Geleceğimize ve özgürlüğümüze sahip çıkalım!

Saldırılar karşısında gerek ODTÜ’de gerekse Osmangazi’de gelişen kitlesel gençlik eylemleri, gençlik içerisinde bir hareketlenmenin olduğunun göstergesidir. Bizlerin ise bu hareketliliğe yön verme gibi bir sorumluluğumuz var. Yaşamın içerisinde kitlelerle bütünleşerek gelecek ve özgürlük mücadelesini büyütmeliyiz. Tüm bu saldırıları geri püskürtmenin yolu ise militan mücadeleyi güçlendirmek ve yaymaktan geçmektedir.

 

 

 

 

Piyasacı, gerici, işkenceci rektör istemiyoruz!”

 

Eskişehir Osmangazi Üniversitesi’nde eylem yapan öğrencilere ÖGB vahşice saldırmış daha sonra öğrencileri polise teslim etmiş, işkence talimatının ise doğrudan rektör tarafından verildiği ve rektörün bekçi köpeklerine sahip çıktığı gündeme gelmişti.

Osmangazi Üniversitesi bu teröre karşı kitlesel bir eylem yaparak “Piyasacı, gerici, işkenceci rektör istemiyoruz!” şiarını yükselttiler.

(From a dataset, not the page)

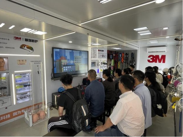 在亚洲AV 承办的实验室安全个体防护路演活动中,以安全防护培训路演车为载体,现场讲解、演示了呼吸防护用品、听力防护用品及脸面部防护用品的正确选择、使用和维护,参与师生通过路演车内的实物静态、展板展示、视频播放、亲身体验、答题抽奖等环节,进一步了解掌握个体防护用品的正确使用方法。

Osmangazi Üniversitesi Meşelik Kampüsü’nde düzenlenen eyleme Anadolu Üniversitesi Yunus Emre ve İki Eylül kampüslerinden de öğrenciler destek oldu. Dışardan gelen öğrencilerin kampüse girişi sırasında yaşanan küçük çaplı gerginliğin ardından tüm öğrenciler Meşelik Kampüsü’nde toplandı.

Katılımın hayli yüksek olduğu eylemde öğrenciler sıklıkla “AKP’nin rektörü Hasan Gönen istifa”, “İşkencesi rektör istifa” ve “rektör istifa” sloganlarını haykırdılar. Öğrenciler adına rektörlüğe siyah çelenk bırakılırken Eğitim-Sen ve Eğitim-İş adına da konuşmalar yapıldı.

Eylemin ardından dağılan öğrenciler ise Büyükdere tramvay durağında faşistlerin saldırısına uğradı. Demir sopalarla yaralanan üç öğrenci hastaneye kaldırılırken saldırıya uğrayanlardan ikisinin gözaltına alındığı öğrenildi.